Differential diagnosis of oliguria
- 1. Oliguria with renal colic is seen in renal artery thrombosis or embolism, and kidney stones.
- 2. Oliguria with palpitations, shortness of breath, chest tightness can not lie supine, see cardiac insufficiency.
- 3. Oliguria with a large amount of proteinuria, edema, hyperlipidemia and hypoproteinemia are seen in nephrotic syndrome.
- 4. Oliguria accompanied by fatigue, poor appetite, ascites, and yellowing of the skin are seen in hepatorenal syndrome.
- 5. Oliguria with hematuria, proteinuria, hypertension, and edema are seen in acute nephritis and progressive nephritis.

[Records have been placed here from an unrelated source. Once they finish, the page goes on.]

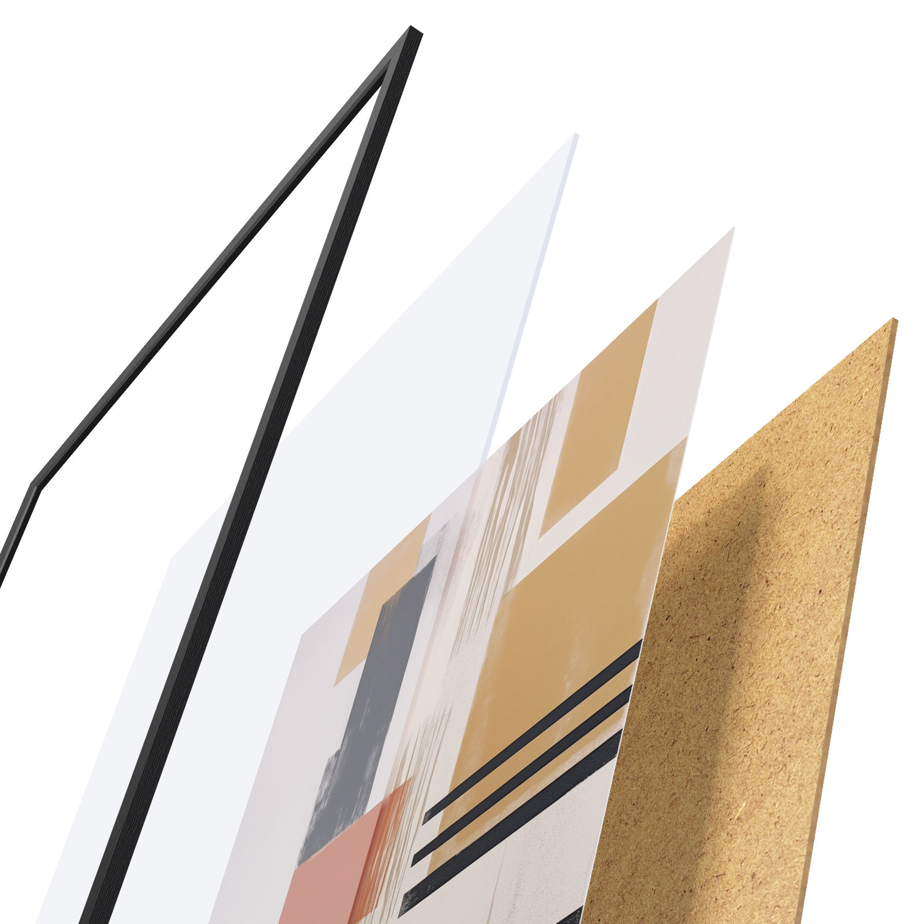 Plakát se skládá z rámu, plexiskla, tištěného obrazu a dřevotřískového podkladu. Díky úchytům na zadní straně lze plakát ihned zavěsit na zeď.
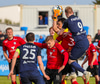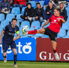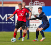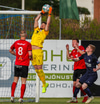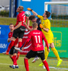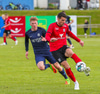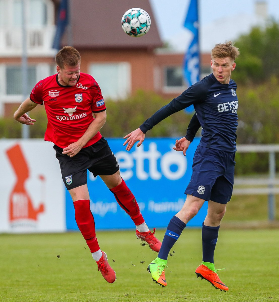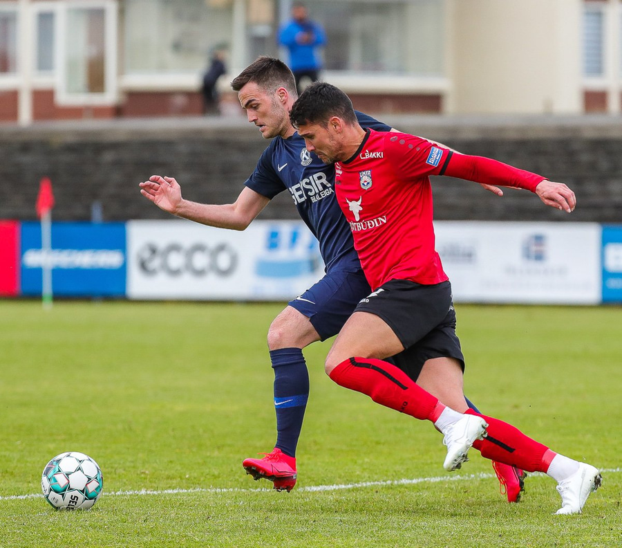 Enn vinna heimamenn boltann hátt á vellinum og er boltinn lagður fyrir Frans í prýðis skotfæri og boltinn himinghátt og talsvert framhjá markinu.
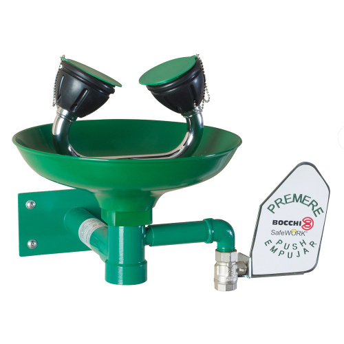 - Augenduschen mit Handbetätigung werden an der Wand installiert.
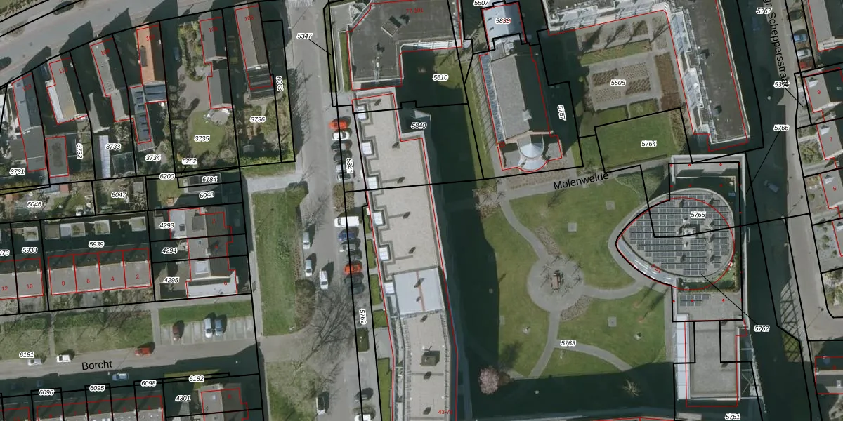 Het perceel waarop Molenweide 43 staat heeft een oppervlakte van 6590 m². Dit is een zeer groot perceel. De perceeloppervlakte wordt geregistreerd door het Kadaster. Gedetailleerde informatie over de maten van dit perceel kunt u vinden in het rapport Kadastrale kaart met maatvoering van Molenweide 43.
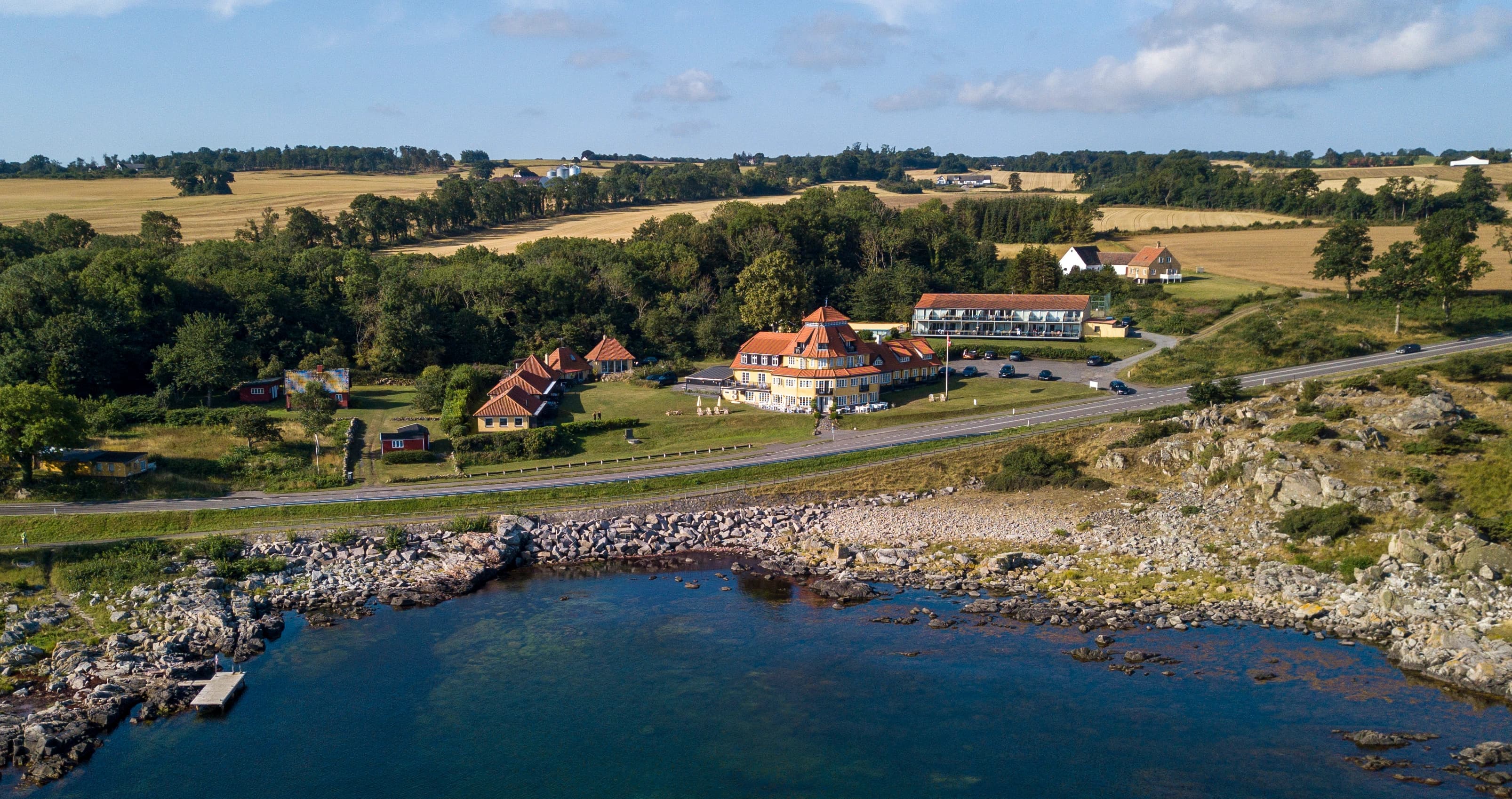 På en klippegrund mellem Tejn og Gudhjem finder du Stammershalle Badehotel – et tidligere kurhotel fra 1911, der stadig emmer af idyl. Badehotellet tårner op med sine klassiske røde teglsten og gule facade. Her får du det bedste fra Bornholm – solid granit under fødderne, Østersøens glitrende blå og duften af saltvand.
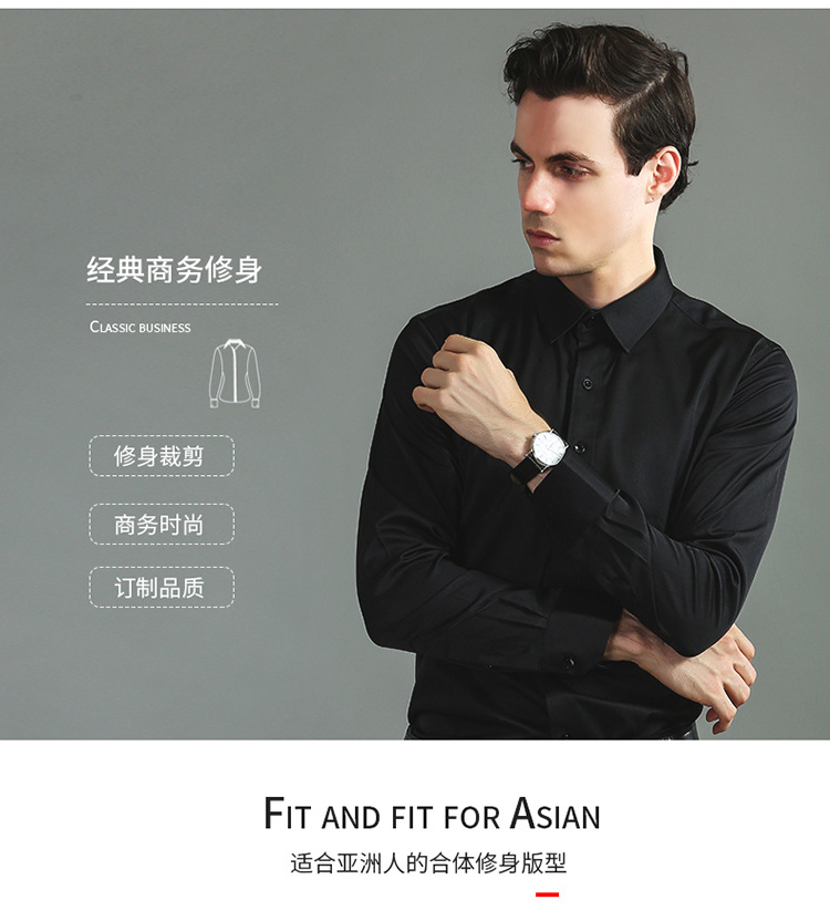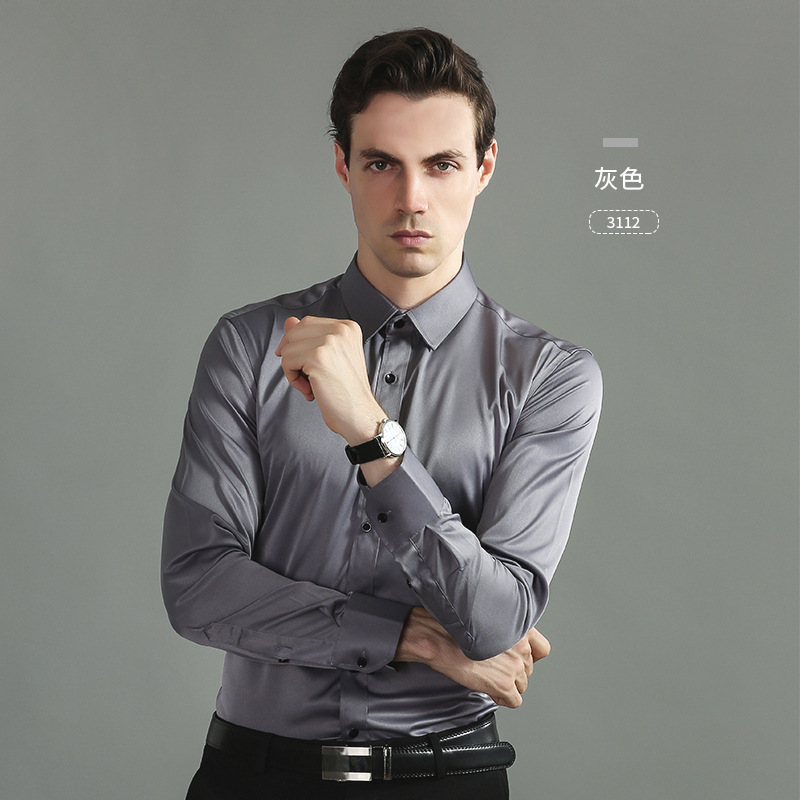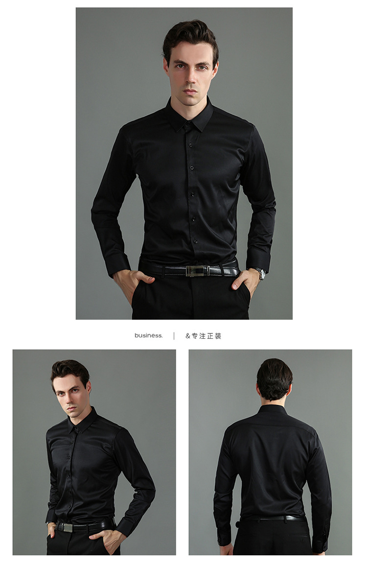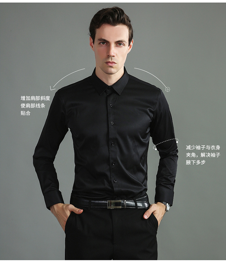 크로스보더 4방향 스트레치 무다림 남성 긴팔 셔츠, 아마존 유럽 사이즈 남성복 셔츠, 비즈니스 슬림핏스토어 가기
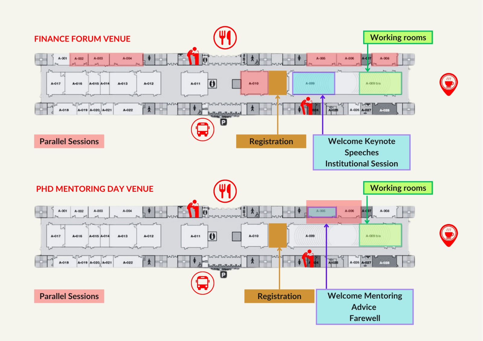 The map below shows the layout of the classrooms and main areas used during the conference, including session rooms, the registration desk, and directions to the Cafeteria and Dining Hall.
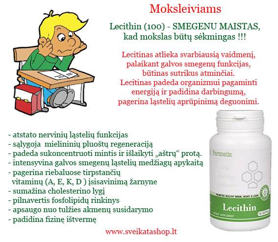 Lecitinas fosfolipidų (cholino, inozitolio ir kt.) mišinys, kuris gyvybiškai būtinas kiekvienai žmogaus organizmo ląstelei. Lecitinas yra vienas iš pagrindinių ląstelinių membranų, o taip pat galvos smegenų dangalų , raumenų ir nervinių ląstelių komponentų. Lecitinas atlieka svarbiausią vaidmenį, palaikant galvos smegenų funkcijas, būtinas sutrikus atminčiai. Lecitinas padeda organizmui pagaminti energiją ir padidina darbingumą, pagerina ląstelių aprūpinimą deguonimi. Ši medžiaga padeda įsisavinti riebaluose tirpstančių vitaminus A, D, E ir K , kurie būtini organizmo visų ląstelių mitybai. Lecitinas teigiamai veikia kepenų funkciją kaip hepatoprotektorius ir detoksikuojanti medžiaga, jo naudojimas žymiai sumažina fibrozės ir kepenų cirozės riziką, naudojant alkoholį. Lecitinas turi emulguojantį poveikį. Lecitino pagalba cholesterino ir kitų riebalų dalis virsta vandens- riebalų emulsija ir išskiriama iš organizmo. Lecitinas taip pat padidina tulžies rūgščių išsiskyrimą, kurie sintezuojami iš cholesterino, sumažindami jo kiekį kraujyje. Tokiu būdu, mažinant cholesterino kiekį, lecitinas sąlygoja širdies-kraujagyslių susirgimų profilaktiką. Lecitinas būtinas normaliam nervų sistemos funkcionavimui, aktyviai dalyvauja nervinių impulsų perdavime, naudingas, kai padidintas nervinis jautrumas. Cholinas (sudėtinė lecitino dalis) pasižymi unikalia savybe pagerinti tulžies pūslės funkciją, sąlygoja tulžies nutekėjimą ir pagerina virškinamojo trakto peristaltiką. Puikus kompanijos Santegra produktas Lecithin turi įeiti į kiekvieno racioną. Ypatingai būtinas lecitinas pagyvenusio amžiaus žmonėms, nes lecitino kiekis metų bėgyje organizme mažėja. - atstato nervinių ląstelių funkcijas - sąlygoja mielininių pluoštų regeneraciją - intensyvina galvos smegenų ląstelių medžiagų apykaitą - pagerina riebaluose tirpstančių vitaminų (A, E, K, D) įsisavinimą žarnyne - sumažina cholesterino lygį - pilnavertis fosfolipidų rinkinys - apsaugo nuo tulžies akmenų susidarymo - padidina fizinę ištvermę INDIKACIJOS: asteninė būklė, nervinio susijaudinimo padidėjimas, aukštas cholesterino kiekis kraujyje, kepenų ir tulžies pūslės funkcijos sutrikimas, padidintas kepenų krūvis (intoksikacija, antibiotikų ir alkoholio vartojimas, rūkymas).
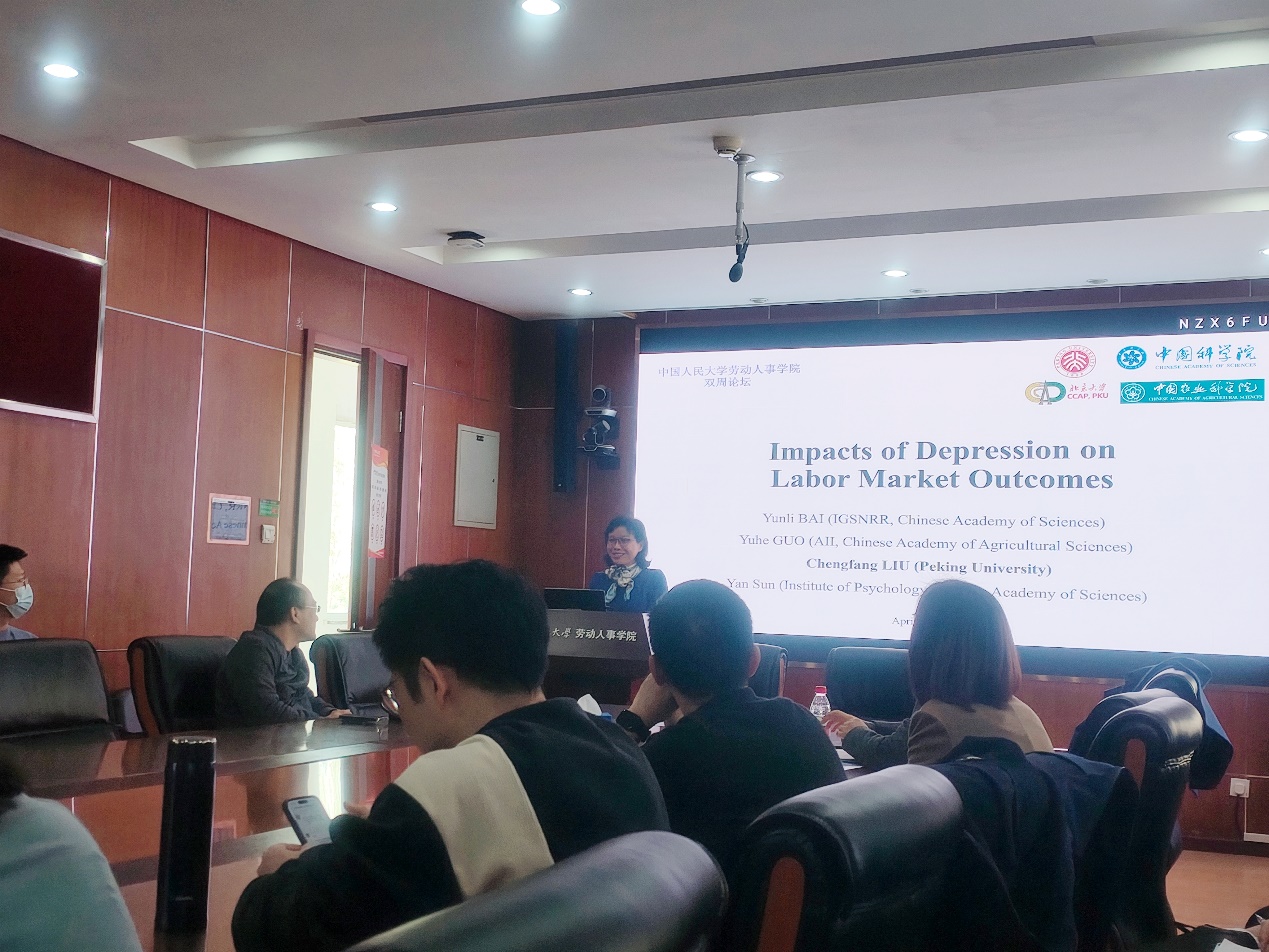 2025年4月2日下午,由williamhill官网网站主办,劳动经济系和中国就业研究所承办的“劳动经济学双周论坛”第217期讲座在求是楼347会议室成功举办。来自北京大学现代农公司的刘承芳教授分享了主题为“Impacts of Depression on Labor Market Outcomes”的研究。本次论坛由williamhill官网网站赵丽秋教授主持,williamhill官网网站赵忠教授、刘宏教授、王非副教授、陈轩副教授、邹先强副教授、李梦婷副教授、林琳讲师、陈泽阳讲师、王雪凝讲师,以及其他校内外师生参与了此次讲座。
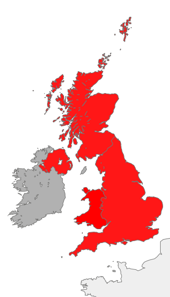 • Reino Unido: La suma de Gran Bretaña y el trozo de la isla de Irlanda bajo soberanía de Londres (Irlanda del Norte, vamos). El nombre completo del país es «Reino Unido de Gran Bretaña e Irlanda del Norte», por cierto.

- 6. Oliguria is accompanied by fever, low back pain, frequent urination, urgency, and dysuria seen in acute pyelonephritis.
- 7. Oliguria with dysuria is seen in prostatic hypertrophy.
Principles of oliguria treatment
- General processing
- Bed rest, proper diet, low salt protamine diet for those with renal insufficiency.
- 2. Cause treatment
- Prerenal expansion: Renal administration improves renal circulation and removes inducing factors; postrenal sex usually asks surgeons for treatment such as obstruction removal.
- 3. Symptomatic treatment
- Treatments such as maintaining electrolyte balance and nutritional support.
- 4.Incoming and outgoing monitoring
- ECG monitoring is required when vital signs are unstable.